The final simulation we present here shows the scalability of the model as a chip multi-processor (CMP) with multiple instruction issue per cycle, based on a 1- 2- and 16-way CMP, each with a cache delay of 5 and 10 cycles respectively for L1 and L2 cache. This is shown in figure 3. In these results, 1 and 2-pipe simulations use 128 registers and the 16 pipe simulation uses 4096. The results show normalised performance, which is the IPC per pipe and this is plotted against iterations per pipeline, giving a normal form for each result. Ideally, with perfect scaling, all results should be coincident, which is just about what is observed. Admittedly the results are based on the K7 Livermoore loop, which is a parallel loop with no dependencies. However, peak performance has an IPC of just below 1 instruction per cycle per pipeline and the



half performance vector length is about 5 iterations per pipeline, showing that at least a 95% utilisation can be achieved with this model even on issue widths of 16.

Figure 2 Relative performance of micro-threaded (solid lines) vs conventional pipeline (dashed lines) on Livermore K3 loop with 128 registers.



Figure 3 Performance of a micro-threaded CMP of 1, 2 and 16 processors on Livermore K7 loop.
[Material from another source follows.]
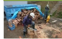
薪や原木としての利用
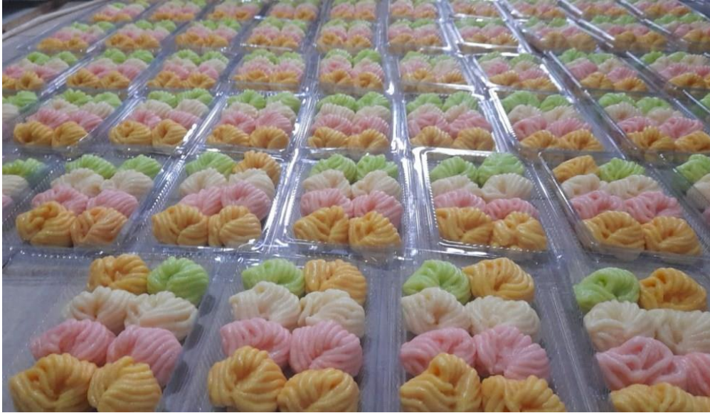
Gambar 3. Produk Getuk Lindri Mon Geudong Siap Dipasarkan

Keinginan untuk maju sangatlah besar. Harapan UMKM ini suatu hari nanti dapat menyewa toko agar produk-produknya dapat dikenali dan dijangkau oleh konsumen. Tidak hanya itu saja, pemilik usaha juga berkeinginan untuk membuat kemasan kue yang lebih elegan. Mencantumkan merek dan meletakkannya di etalase toko-toko kue. Saat ini kemasan getuk lindri hanya menggunakan plastik bening saja. Segala keinginan tersebut telah disampaikan kepada tim. Karena itu pula tim tergerak untuk memberdayakan UMKM ini. Tujuan kegiatan pengabdian masyarakat ini adalah untuk meningkatkan kapasitas dan kapabilitas mitra UMKM Getuk Lindri Mon Geudong dalam bidang produksi dan pemasaran berbasis online.

#### 3.2 Micro-threaded Model

Now let us look at the model these results are based on in more detail in order to understand how and why these results are possible. Figure 4 shows a modified pipeline, with shared and duplicated parts indicated by shading. This is a very conventional in-order issue pipeline with micro-threading components added. These will be described as we outline the micro-threaded abstract model and its implementation.

The model supports a number of concurrent threads all drawn from the same context, these were called micro-threads to distinguish them from other multi-threaded techniques. The term micro-thread captures the notion of this approach, that of creating, interleaving and terminating very many small sequences of instructions efficiently, perhaps just a few machine instructions each. One disadvantage of micro-threading as proposed in [12] and shared in nano-threading[23] is that they both require the allocation of registers to threads at compile time. This is a major disadvantage for micro-threading where the aim is for general computation using ILP and data parallelism. Dansoft's nano-threaded approach has just two nano threads and allocation of registers is trivial, a subordinate thread would typically be used to preload values from memory into a registers for later use by the main thread.
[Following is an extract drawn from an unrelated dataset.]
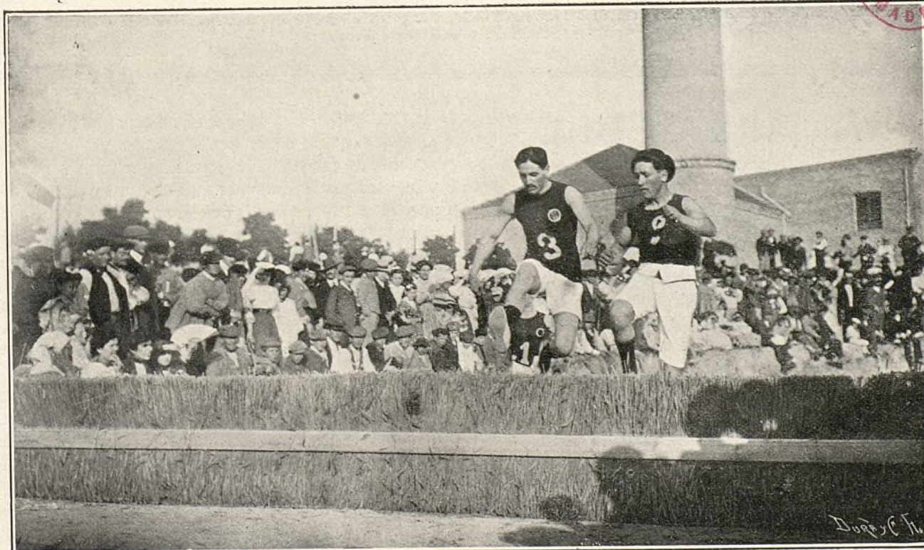
El público presenciando uno de los obstáculos de saltos.

The solution to this problem in micro-threading was reported in [24 and 25], which describe a dynamic register allocation scheme combined with a thread creation mechanism that produces families of threads, based on the same fragment of code. Without this solution, threading a number of iterations from a loop would require different instances of code with unique registers allocated to each instance. Using this approach, one thread-create instruction generates a family of threads across a loop-like triple that defines the start step and limit of the index value for each thread created. This is very similar to a vector instruction set. Each family of threads can iterate a loop concurrently to the maximum extent of resources available. Thread creation thus becomes a two-stage process:

- *stage one* creates a descriptor for a family threads, which waits until resources are available, and
- *stage two* allocates each thread in the family to a set of resources as they become available. The thread is now able to execute.
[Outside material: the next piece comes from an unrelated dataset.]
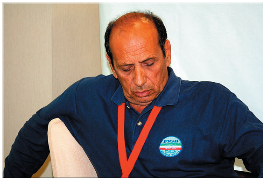
Lorenzo Lauria - stígahesti spilara heims og elstur liðsmanna hinnar nýbláu sveitar, sextugur að aldri. Lauria er maður tveggja tíma, vann sinn fyrsta EM titil 1979 í liði með Belladonna og Garozzo. Næsti EM-titill kom 1995, en Ítalar hafa unnið öll mót síðan þá - hið sjöuna í röð nú í Varsjá.

The resources required are a continuation queue slot and a contiguous set of registers defined by the thread header.

A major benefit of this dynamic allocation is that it supports a model that can trivially schedule work on multiple processors in a CMP. A potential problem is that the compiler must be aware of resource deadlock issues, for example an inter-thread dependency that spans more than the available chip resources.

A secondary problem introduced by dynamic allocation of registers is that of binding between allocated registers in dependent threads. In an inter-thread synchronisation, one thread will produce a value and another will consume it. In the micro-threading micro-archtecture, synchronisation is performed using full/empty bits on registers and the problem of binding between dynamically allocated registers is solved by allocating threads in strict sequence and by providing an offset in the thread header between producer and consumer within that sequence. This allows runtime structures to be main-



tained that allow the sharing of registers between threads, even if allocated to different processors. More detail on this is given in section 4.3.

Figure 4. CMP showing shared and duplicated resources for a wide-issue Multi-threaded architecture

### 3.3 Micro-threaded Model

In [20], our micro-threaded model is classified as static, block-threaded and with explicit switching. This is because the compiler explicitly tags instruction where a context switch should take place. The context switching overhead is zero cycles, as the tagged instructions trigger an exchange of PC at the instruction fetch stage of the pipeline and then continue to execute. The next cycle sees the first instruction executed from the new context. Context switching can occur on every cycle if so tagged. Tagged instructions include conditional branches and any instruction that reads a register, where the compiler cannot guarantee that the data will be available. Deterministic delays can be compiled into sequences of instructions in the normal manner but for non-deterministic delays a context switch is signaled. There are two kinds of synchronisations, where a context switch is required. The first is intra-thread synchronisations where the result of an earlier load word is required and where there is no guarantee that the load hit the cache. The second is an explicit synchronisation between instructions in different threads, where one thread produces data and another consumes it.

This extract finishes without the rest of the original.